• Choosing between a bank and NBFC for your home loan

    The rising costs of real estate, whether it is an apartment or an independent house, has made it almost impossible for most of India to be able to buy a home of their own without the help of a home loan. However, home loans are now available with very affordable interest rates and other attractive features, making it easier than ever to make your dream home a reality.

    Home loans are offered by a wide range of banks and Non-Banking Financial Company (NBFC). There are many factors to keep in mind when applying for a home loan, but perhaps the first and most important decision you have to make is whether to apply for your home loan from a bank or an NBFC. Here is all you need to know to make an informed decision between a bank and NBFC for the best home loan.
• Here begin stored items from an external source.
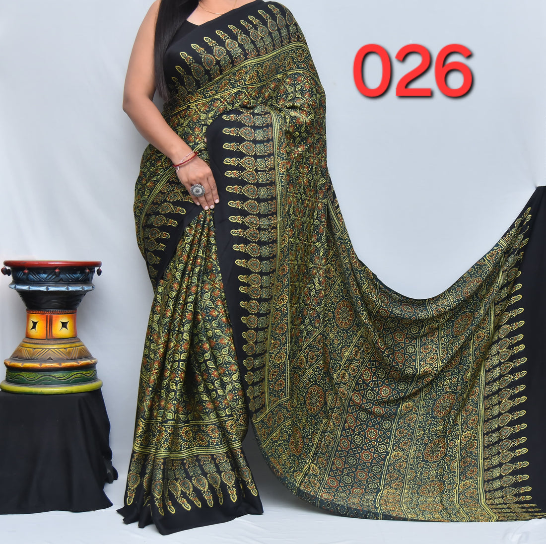 Elg Aajrkh Modal Silk Vegetable hand block print Saree All New Design All New Collections...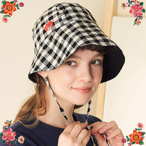 ナタリー・レテ ハット レッド・ベアー&トマト ブラック・ギンガムチェック 多機能帽子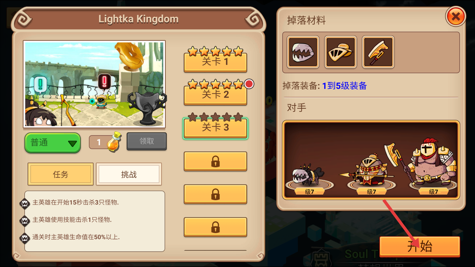 1、进入【Lightka-Kingdom】关卡界面,查看掉落材料、【1到5级装备】及对手后,点击【开始】挑战关卡。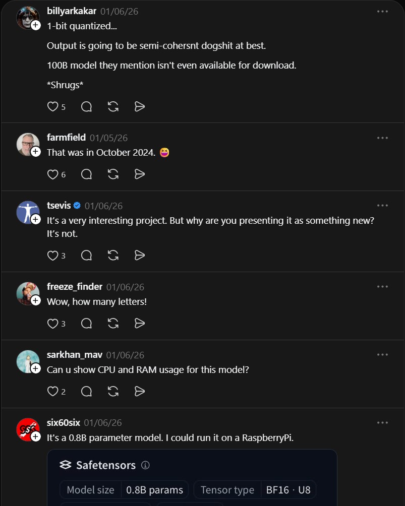 Community responses point out significant discrepancies in the 100B model claims. Critics note the actual available model is closer to 0.8B parameters, not 100B. Output quality at 1-bit quantization is questionable, with some calling it “semi-coherent dogshit at best.” The 100B model mentioned in the paper is not available for download.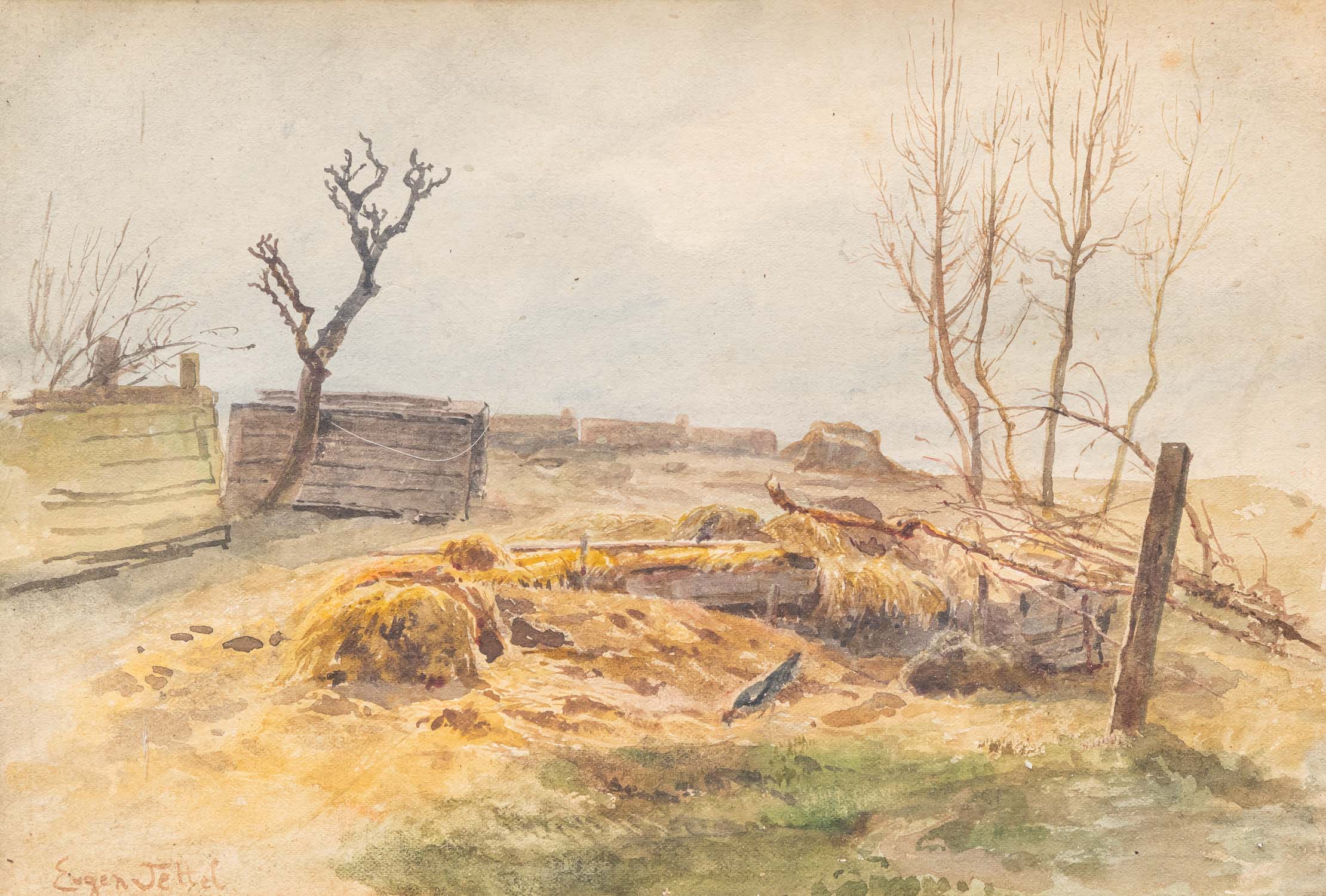 Eugen Jettel (1845-1901)- attributed, Landscape. Watercolour on paper. Signed. Framed. 16 x 24 cm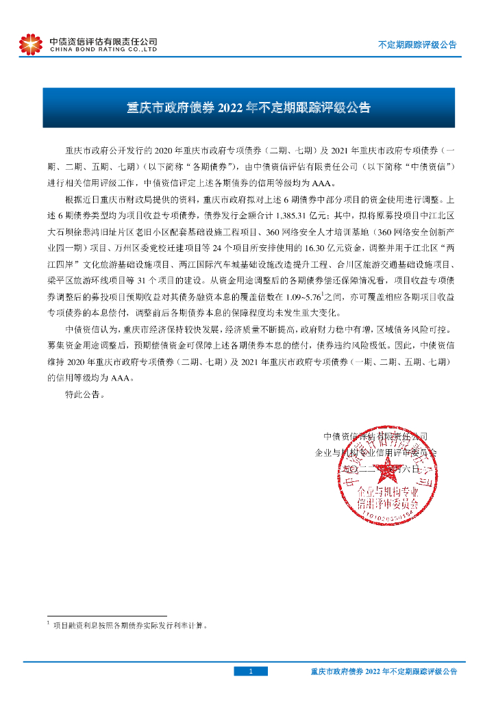 中债资信:重庆市政府债券2022年不定期跟踪评级公告.pdf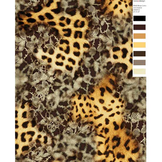 This eye-catching fabric is highlighted with sophisticated animal prints. The delicate trims lend an extra touch to the look. This high quality fabric is widely used in the fashion industry.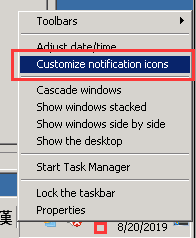 다시 트레이 (시계 옆) 우클릭 -> Customize notification icons 클릭.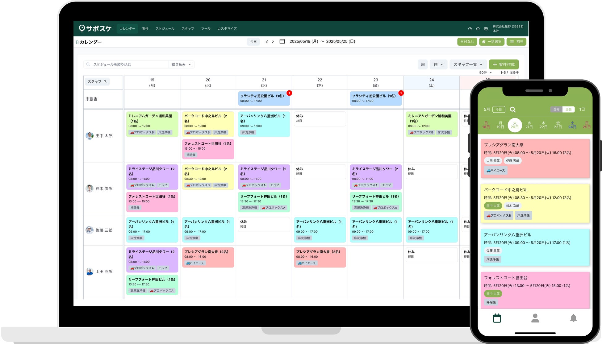 サポスケは管理者がスタッフの予定を決めている企業を中心に、ビルメンテナンス・建設・工事・訪問看護/介護などの現場仕事を主業とする業界で導入されている現場向けのスケジュール管理クラウドです。管理者がスタッフの予定を組む際に、従来Excelやホワイトボードで行われていた煩雑なスケジュール管理・共有を、シンプルな操作で効率化します。スケジュールを最適に運用することで、限られた人員でより多くの業務をこなせるようになり、業務効率化と売上向上を同時に実現。導入企業は300社を超え、現場で働く人々の生産性向上と働き方の改善を支援しています。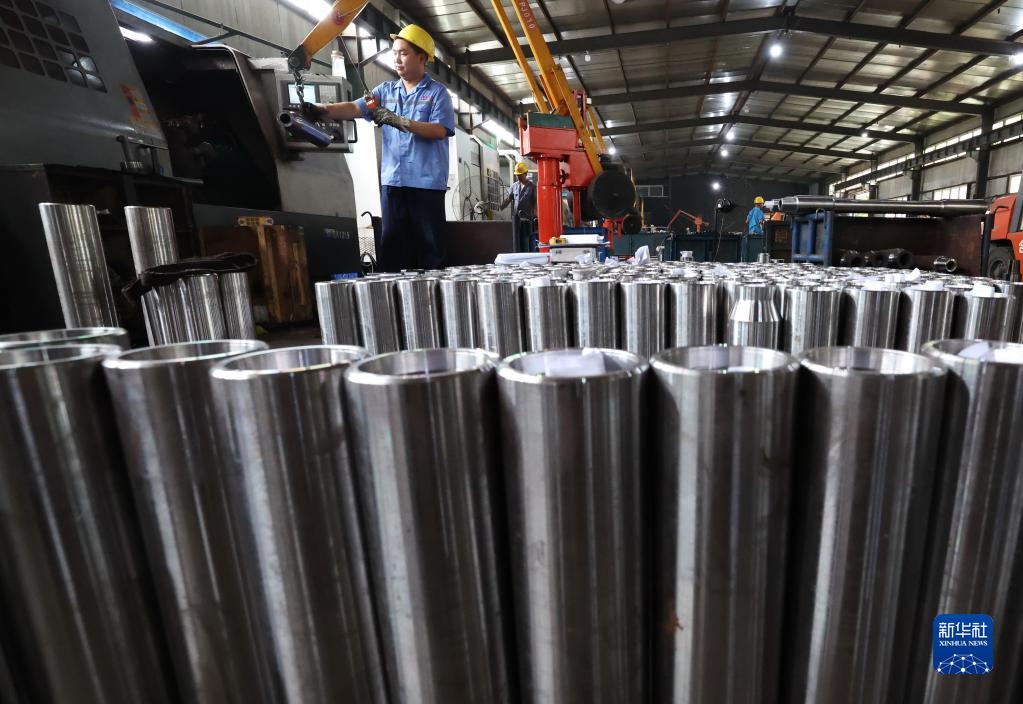 7月3日,工人在河北省晉州市營(yíng)里鎮一家石油鉆具企業(yè)生產(chǎn)車(chē)間工作。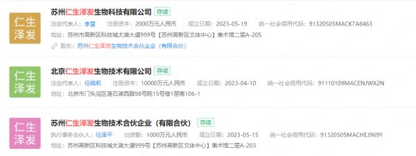 记者搜寻企查查发现,“仁生泽发”关联了3家公司,分别是:北京仁生泽发生物技术有限公司(简称“北京仁生泽发”)、苏州仁生泽发生物技术合伙企业(有限合伙)、苏州仁生泽发生物科技有限公司。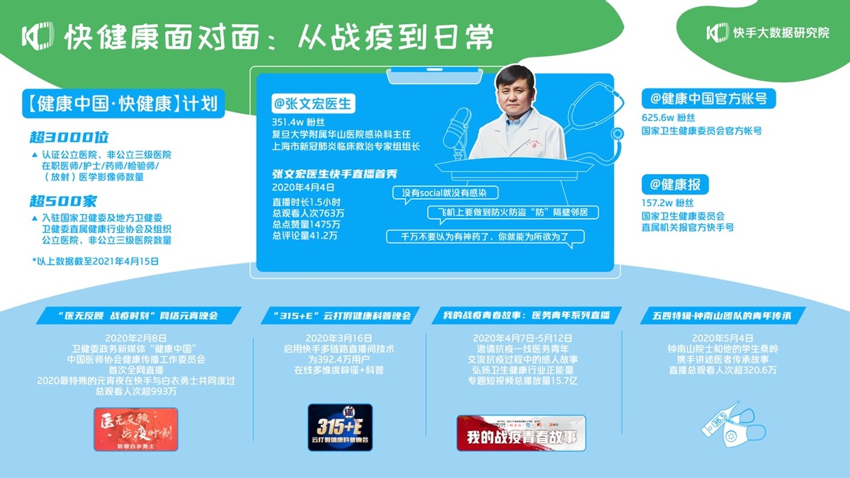 除此,众多政务机构也在快手日常发布权威资讯和一线消息。以健康卫生机构为例,在新冠疫情期间,它们在健康科普和专业辟谣等方面作出突出贡献。报告显示,截至2021年4月15日,快手"健康中国·快健康"计划共有超过500家国家卫健委及地方卫健委、卫健委直属健康行业协会及组织、公立医院和非公立三级医院入驻;认证的公立医院和非公立三级医院在职医师护士、药师、检验师、(放射)医学影像师数超3000位。

    Major differences between banks and NBFCs

    Some of the major differences between banks and NBFCs are as given below:

    • Banks are registered under the RBI Banking Act, 1956, while NBFCs are registered under the Companies Act, 1956
    • Banks can accept and lend deposits while NBFCs cannot
    • Banks are mandated to maintain a CRR (Cash Reserve Ratio), a percentage of funds, with the Reserve Bank of India whereas NBFCs are not mandated to do this

    Differences in the home loan interest rate

    There are differences in the home loan interest rates between banks and NBFCs. Because banks are regulated by the Reserve Bank of India, their interest rates are linked to the RBI’s repo rate or is linked to the Marginal Cost of funds-based Lending Rate (MCLR). Banks offer floating rates of interest which can increase or decrease based on the RBI’s repo rate changes. The RBI changes repo rates based on various economic conditions pertaining to the country or the global economy. This means that the Equated Monthly Instalment (EMI) on your home loan will be impacted each time the RBI changes the repo rate which may cause the bank to change their Repo-Linked Lending Rate (RLLR) which in turn affects the home loan interest rate.

    However, in the case of NBFCs, the interest rates on their home loans are fixed and are based on the Prime Lending Rate which is not linked with the RBI. This Prime Lending Rate is determined by the lender which means that customers have the leeway to negotiate for lower interest rates and other favorable terms and conditions, which they may not get the freedom to negotiate with banks. However, only customers who meet the eligibility criteria and have high credit scores may be able to negotiate such terms and lower interest rates with NBFCs.

    Choosing between a bank or an NBFC for your home loan should be decided keeping in mind several other factors as well, such as eligibility criteria, documentation required, processing time and speed, customer service efficiency, and ease of functioning. It is best to weigh these factors and then decide.